I wouldn't be surprised if any buffet restaurant expected the driver to put the order together. Especially if it is a place and pay.


----------



## uberboy1212 (Jan 10, 2017)

I would hope that they at least give extra large portions for buffet delivery


----------



## DriveLV (Aug 21, 2019)

goobered said:


> I wouldn't be surprised if any buffet restaurant expected the driver to put the order together. Especially if it is a place and pay.


After a McDonalds handed me an empty cup and expected me to fill it for a delivery, I realized that I would never order delivery of a drink for myself. I told the guy "you know I've been driving all day, pumped gas, handled cash and people's luggage, and you want me to get someone's drink and attach a lid to it for them?" The guy just shrugged his shoulders.

I placed the empty cup on the counter and walked out, not saying a word.


----------



## Lil'Lyftie (Feb 23, 2020)

When I picture the Golden Corral, I see a herd of fattened cattle pushing trays towards the cashier register's exit to the feed lot. Then I try to not think of the amount of methane gas that these bloated bovines will release into the atmosphere between trips to the buffet.


----------



## ANT 7 (Oct 14, 2018)

"My 600 LB Life".........with Dr No....


----------



## TheDevilisaParttimer (Jan 2, 2019)

ANT 7 said:


> "My 600 LB Life".........with Dr No....


You know you don't have to go pig out at a buffet. The biggest benefit of a buffet is to mix and match a variety of foods.


----------



## New2This (Dec 27, 2015)

TheDevilisaParttimer said:


> You know you don't have to go pig out at a buffet.
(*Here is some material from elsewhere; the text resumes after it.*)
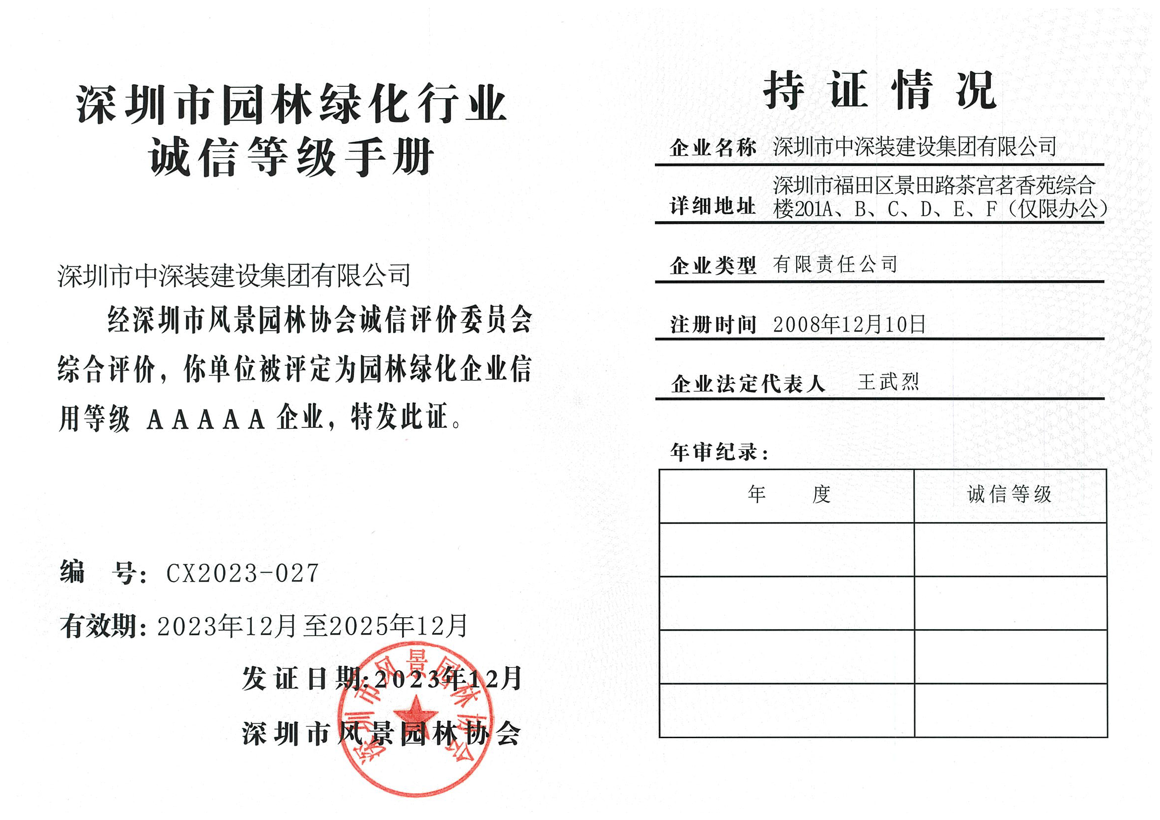 深圳市园林绿化企业信用等级 AAAAA 企业

That's like saying go to a bordello and don't have sex.

Why bother going in the first place?


----------



## Woohaa (Jan 15, 2017)

Never picked up at Golden Corral. I'm not into fat chicks but if she had a cute face?


----------



## FormerTaxiDriver♧ (Apr 5, 2018)

ColonyMark said:


> I did for the first time last night. For those of you who are unfamiliar, Golden Corral is a buffet restaurant. They didn't start boxing up the order until i arrived. Took about 15 min. Wondering if it's always like that there.
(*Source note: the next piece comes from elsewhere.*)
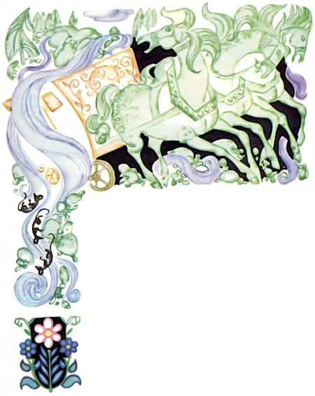 Парень остановился в смущении, не знает, как и быть, что же он теперь отцу скажет? Сосватал себе мышь, и та утонула. Но не успел он еще с места тронуться, как вдруг вода в реке забурлила и на берег выскочила тройка вороных коней, запряженных в золоченую карету! Выбрались кони на дорогу, кучер осадил их, тройка остановилась. А из кареты выходит девушка невиданной красоты, и во сне ему такая никогда не снилась! Стоит он, будто к месту прирос. А девушка смотрит на него, улыбается и говорит:

Yes, a couple of times, and each time the one filling the order does not do anything until I got there. I think they don't want the package sitting out and getting cold, as DD looks for a driver.


----------



## New2This (Dec 27, 2015)

I just remembered we had Meetups at a Golden Corral near FedEx Field for Redskins games. We Shuffled extensively, as we do at all Meetups.
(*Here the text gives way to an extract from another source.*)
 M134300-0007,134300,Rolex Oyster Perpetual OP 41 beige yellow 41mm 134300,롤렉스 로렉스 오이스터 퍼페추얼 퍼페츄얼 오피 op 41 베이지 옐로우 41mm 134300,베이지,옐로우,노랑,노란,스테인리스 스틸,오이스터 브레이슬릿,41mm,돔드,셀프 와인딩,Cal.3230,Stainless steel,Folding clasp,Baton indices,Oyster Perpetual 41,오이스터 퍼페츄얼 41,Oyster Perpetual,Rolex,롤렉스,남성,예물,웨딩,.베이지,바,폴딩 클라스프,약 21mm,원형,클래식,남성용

I got both a Lyft and an Uber Shuffle there.


----------



## Seamus (Jun 21, 2018)

A more accurate question would be "Have you ever *thrown up* from Golden Corral"



New2This said:


> That's like saying go to a bordello and don't have sex.
> 
> Why bother going in the first place?


To listen to music in the lobby?


----------



## The Jax (Apr 17, 2018)

The Golden Corral near me that I pick up at is pretty good if you stay on top. I call them the minute I get the order in my cue and ask them the status. Its always ready when I show up and sometimes, they ask me if I want anything to grab to take with me on them and they give me a to go container and to go cup. This is usually if i stop in a few times that day or if its a manager that likes me. Most customers in my area that order from Golden Corral have tipped pretty good because its usually a larger type order.


----------



## Lil'Lyftie (Feb 23, 2020)

The Jax said:


> ... have tipped pretty good because its usually a larger type order.


They also tend to be a larger type customer.


----------



## Fuzzyelvis (Dec 7, 2014)

ColonyMark said:


> I did for the first time last night. For those of you who are unfamiliar, Golden Corral is a buffet restaurant. They didn't start boxing up the order until i arrived. Took about 15 min. Wondering if it's always like that there.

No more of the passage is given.